When you began singing in UNKLE, there were those who criticized you for it; they said that you’re a curator, not a singer or a musician. Were there people that doubted you were capable of writing a film score?

I think there’s always people that doubt hundreds of things I do, but no. I think the overwhelming thing, from most of my community or fan base, is why hadn’t it happened before? I’ve done a lot of stuff for films, but I hadn’t had the opportunity to score something like that in its entirety. Danny would laugh about it. He was like, “I hired you because I know you’d do a better job than anybody else, but none of the big film composers would do it, because TV is a nightmare.”

Why?

It’s a lot of work and it pays a lot less. You do a two-hour movie, you might do 15 pieces of music. I got 10 hours to score. I did 85 songs.

Did you have to learn a new skill set in writing for the series?

When you’re doing television, you have so many people’s opinions. You’ve got different directors and FX and the production company. You’ve got the various producers, you’ve got the writers. Suddenly you’re getting emails from people asking you to change things, and you’re like, “Who the fuck are you?” I’m used to dealing with A&R and management and some collaborators, not having to appease 30 people’s opinions.

Danny was very good about that. He has a strong vision, but when you get to a certain level of success as a director, it’s also about how you navigate all the moving parts. You can’t just be like, “Fuck you, fuck FX, I want to do it my way.” You just can’t. I found Danny to be incredibly articulate and cleverly accommodating. Rather than throwing his toys out the pram, he made it feel like those asking for changes were considered. When you’re suddenly being asked to do 10 new things, Danny would be like, “Well, you give ’em one new thing—but you gotta give ’em something.” You gotta make people feel invested. Make each director feel that they have something that is theirs, but they also have to respect that you’ve created a sound and you’re an artist too. You just learn a lot about communication.
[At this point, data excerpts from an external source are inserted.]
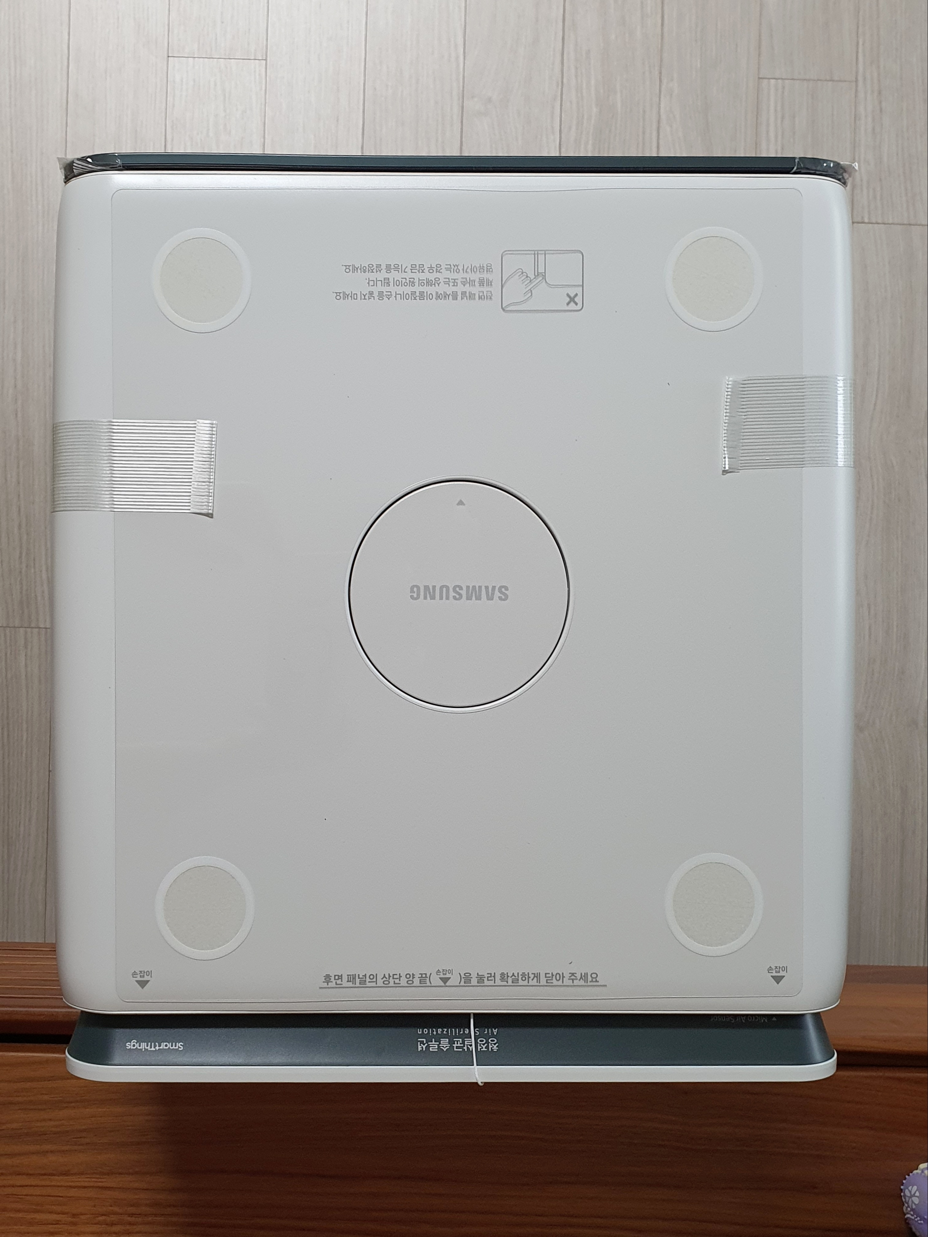 공기청정기 윗부분에 붙어있는 테이프들을 깔끔히 떼어 냅니다. 가운데 동그란 부분은 공기청정기 결합부로 작은 큐브 공기청정기를 결합할 때 사용합니다. 사진 윗부분이 깨끗해진 공기가 나오는 전면 패널, 아랫부분(청정 살균 솔루션이 써 있는 부분)이 공기가 들어가는 후면 패널이에요.
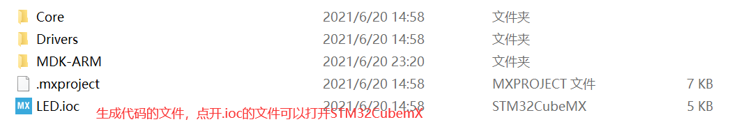 (4)最后打开生成的代码检查看有无出错。最后生成的文件如下所示,MDK的项目在MDK-ARM文件下。
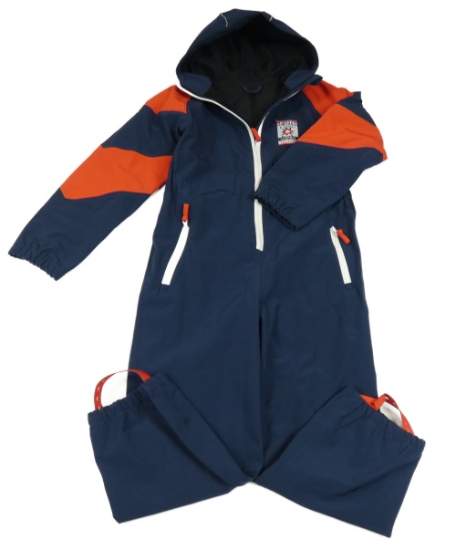 Tmavomodro-červená šušťáková kombinéza s nášivkou a kapucňou
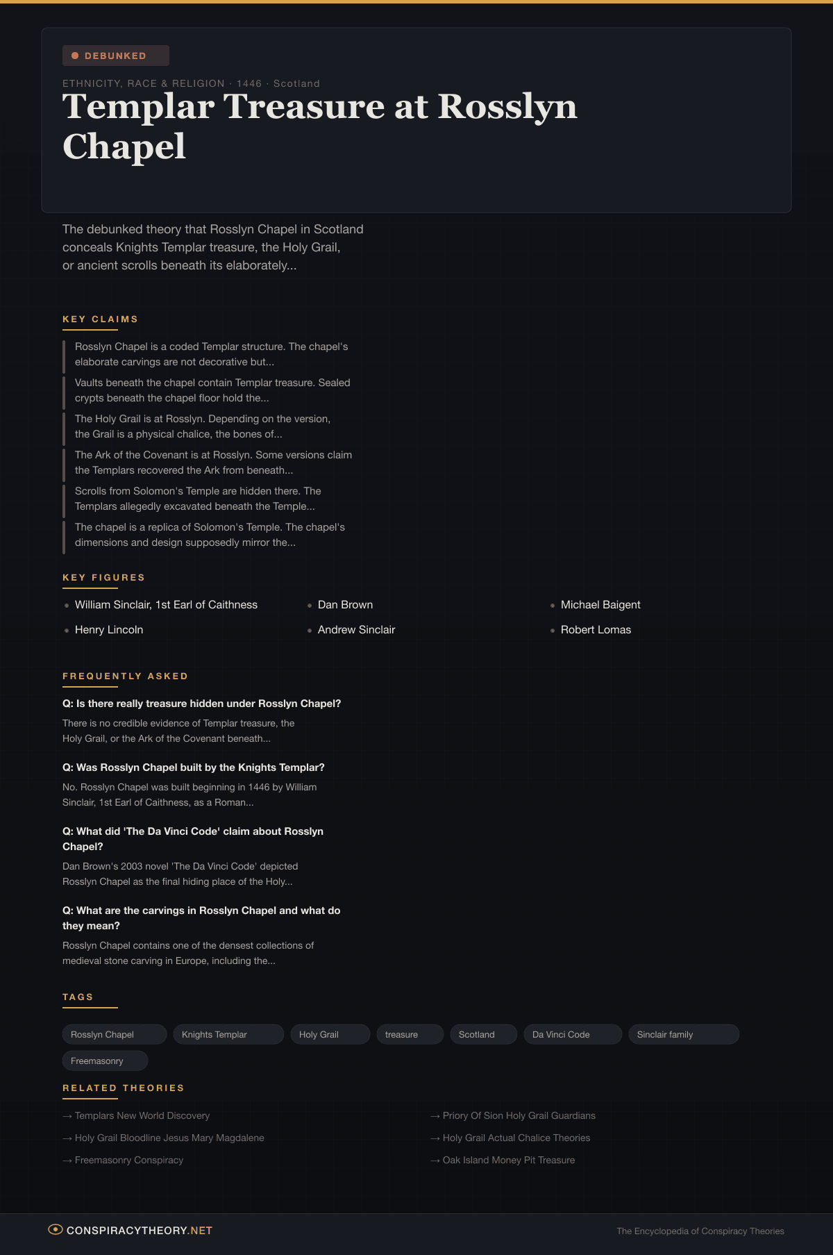 The Rosslyn Chapel treasure theory is one of the most commercially successful conspiracy narratives ever constructed. Popularized by a sequence of pseudo-historical books in the 1980s and 1990s, then detonated into the global mainstream by Dan Brown’s The Da Vinci Code in 2003, it transformed a crumbling rural chapel into one of Scotland’s most visited tourist attractions and lodged the idea of Templar treasure at Rosslyn permanently in popular culture. The theory has been debunked by historians, archaeologists, and even the chapel’s own custodians — but its romantic appeal has proved far more durable than its evidence.

If you could have done one thing differently with Mo’Wax, what would it have been?

I wouldn’t have walked out the way I did with XL. I don’t know what happened there. I think I was so fucked and burned out and exhausted. I had an office by the time I was 18. I had staff. I was the youngest in the building, in my own company. I had too much responsibility, which I didn’t really know how to deal with, and I didn’t have the support. It’s like, if you give a kid an F1 McLaren, he’s gonna drive it fast, you know. I regret not having somebody that would have caught me when I fell, but on another level I just wish I’d not walked away. I wish somebody had said, “Take six months off.” But it’s hard to take six months off when you’re 27, 28, and you’re DJing every club in the world and you have a seven-year-old child and you’re trying to deal and you don’t really have the knowledge. The snowball goes out of control. There was nobody there just to say, “Stop. Let’s just stop for six months. It will be OK.” It was literally like, “It’s over. Goodbye.”

You did a new UNKLE record last year, your first in seven years. Given that the previous album had been such a star-crossed affair, what did you want to do differently on the new one?

Where Did the Night Fall was all about getting the music first, not the songs. You had this exhausting process of recording drums and synthesizers and every sound had to be perfect. I didn’t want to go through that process this time. I wanted to start simply, get the lyrics and melodies formatted, work around basic beats and basic sounds, and take that song to the appropriate person to get the sound you’re looking for. Also, to feel like you’ve got something to say, because it’s not just about whacking a record out for the sake of it.

What’s the biggest thing you learned from the process of making this one?

It doesn’t have to be this constant emotional upheaval. Life can be simple and it can be gentle. We made our records very hard for various reasons. It doesn’t have to always be so hard.